Was he deceiving himself, or was he planning to resume the war by other means?
III. THE THEOLOGY OF EARTHQUAKES
While the Encyclopédie was in the throes of repeated deaths and resurrections, the Lisbon earthquake sent its tremors throughout European philosophy. At 9:40 A.M. on All Saints’ Day, November 1, 1755, the earth shrugged its shoulders in Portugal and North Africa; in six minutes thirty churches and a thousand houses were demolished, fifteen thousand people were killed, and fifteen thousand more were fatally injured, in one of the most picturesque capitals in the world. There was nothing unprecedented in such wholesale slaughter, but there were some attendant circumstances that troubled the theologians. Why had the Great Inscrutable chosen so Catholic a city, so holy a festival, and such an hour—when nearly all pious citizens were attending Mass? And why had he spared, amid the general ruin, the house of Sebastião de Carvalho e Mello—the future Marquês de Pombal—the ruling minister who was in all Europe the most fervent enemy of the Jesuits?

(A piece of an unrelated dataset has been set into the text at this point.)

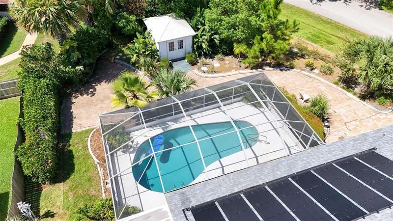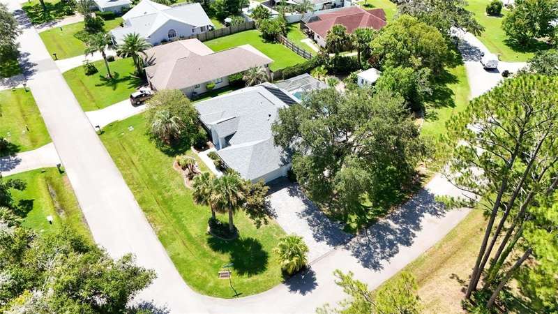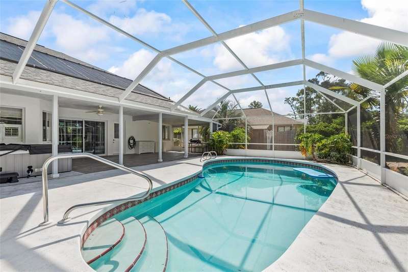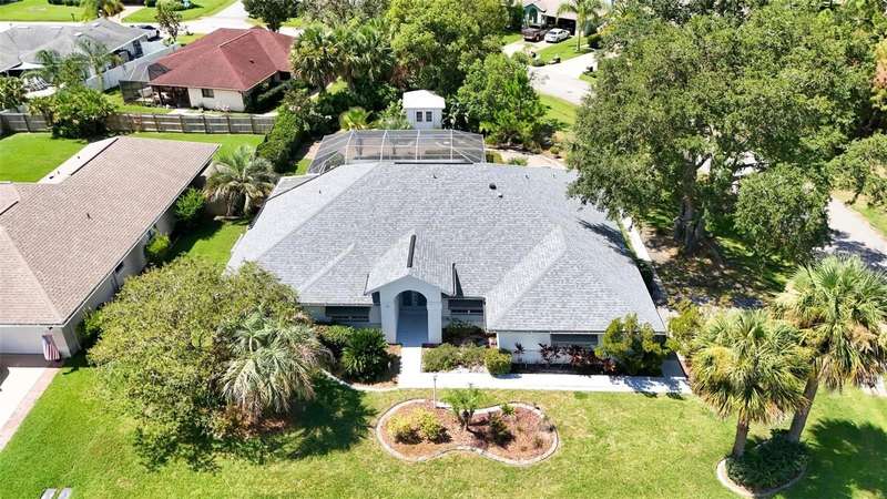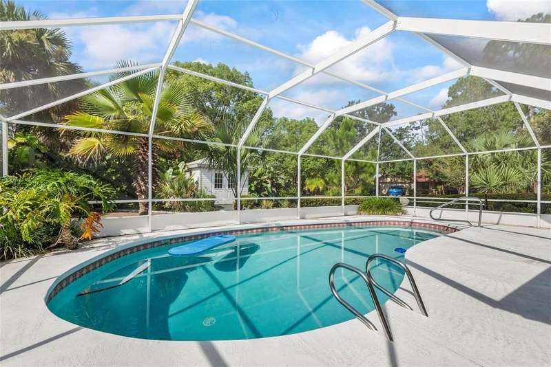 Spacious 4-Bed, 3-Bath Home with Split Layout, Pool & Huge Yard! This beautifully maintained 4-bedroom, 3-bath home is the perfect setup for multi-generational living, guests, or just having extra space to spread out. Sitting on a oversize, professionally landscaped corner lot with large covered patio, fully screened private pool and custom storage shed, this one really has it all! Inside, the smart split-floor plan offers great privacy and flexibility. One side of the home features two bedrooms and two full bathrooms, including a spacious primary suite. On the other side, you’ll find two more bedrooms and a full bath — ideal for families, guests, or even a home office setup. This third bath is also accessible from the pool area! The kitchen has been updated with modern finishes, includes a Breakfast Nook and flows into a bright family room, living room and dining room filled with natural light. Step out back and you’ll love the oversized yard, lush landscaping, and sparkling pool — great for summer BBQs, relaxing weekends, or entertaining friends. With updates like Plantation Shutters, Travertine Floors, new roof in 2023, enjoy a flexible layout, and plenty of outdoor space. This home is move-in ready and located close to schools, shopping, and everything you need. 1 Year Home Warranty provided to the Buyers at closing! Come see it for yourself — you’ll love the space and the setup!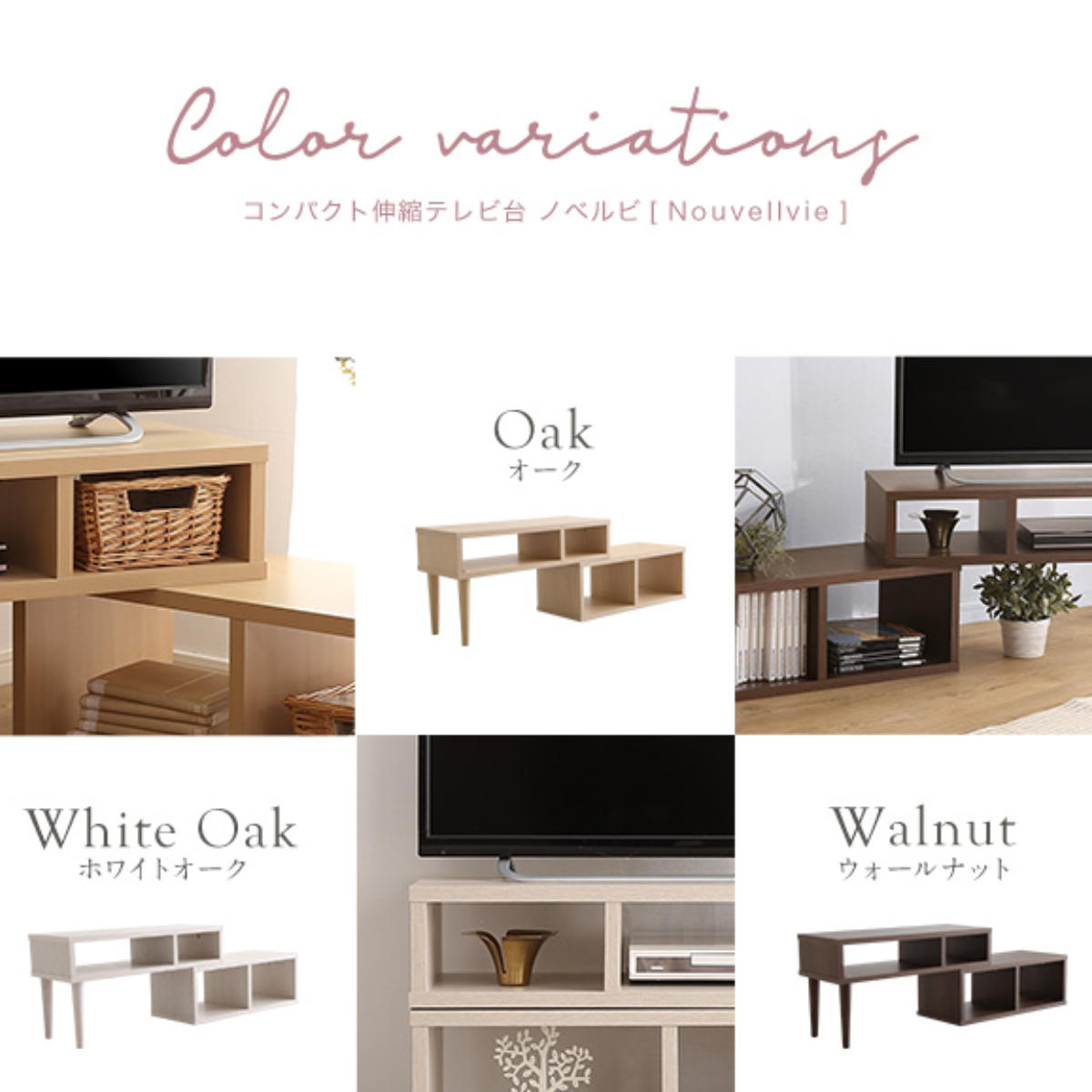 シンプルで大人かわいい木目調のテレビ台「Nouvellvie(ノベルビ)」です。コンパクトながら、上段は下段に載せるだけで、幅や角度を変えたり、左右を入れ替えたり、曲げたり重ねたりと自由にアレンジ可能です。

A Portuguese Jesuit, Malagrida, explained that the quake, and the calamitous tidal wave that had followed it, were God’s punishment for the vice that had prospered in Lisbon;27 but were the sinners the only ones that went to pray in the churches on that awful morning? Why had so many holy priests and dedicated nuns perished in the quake and the conflagration? The Moslems would have hailed the catastrophe as Allah’s revenge upon the Portuguese Inquisition, but the quake had destroyed the great Mosque of Al-Mansur in Rabat. Some Protestant dominies in London ascribed the disaster to divine reprobation of Catholic crimes against humanity; but on November 19 of the same year an earthquake damaged fifteen hundred houses in Boston, Massachusetts, home of the Pilgrims and the Puritans. William Warburton announced that the massacre in Lisbon “displayed God’s glory in its fairest colors.”28 John Wesley preached a sermon on “The Cause and Cure of Earthquakes”; “sin,” he said, “is the moral cause of earthquakes, whatever their natural cause may be; … they are the effect of that curse which was brought upon the earth by the original transgression” of Adam and Eve.29
Voltaire fumed at these explanations, but he himself could find none to reconcile the event with his faith in a just God. Where now was Leibniz’ “best of all possible worlds”? Or Pope’s “Whatever is, is right”—or his pretense that “all partial evil” is “universal good”?30 In an angry reaction against his own early optimism Voltaire composed (1756) his greatest poem—“On the Lisbon Disaster, or An Examination of the Axiom “All Is Well.’” Here is our chance to sample at once his thought and his verse.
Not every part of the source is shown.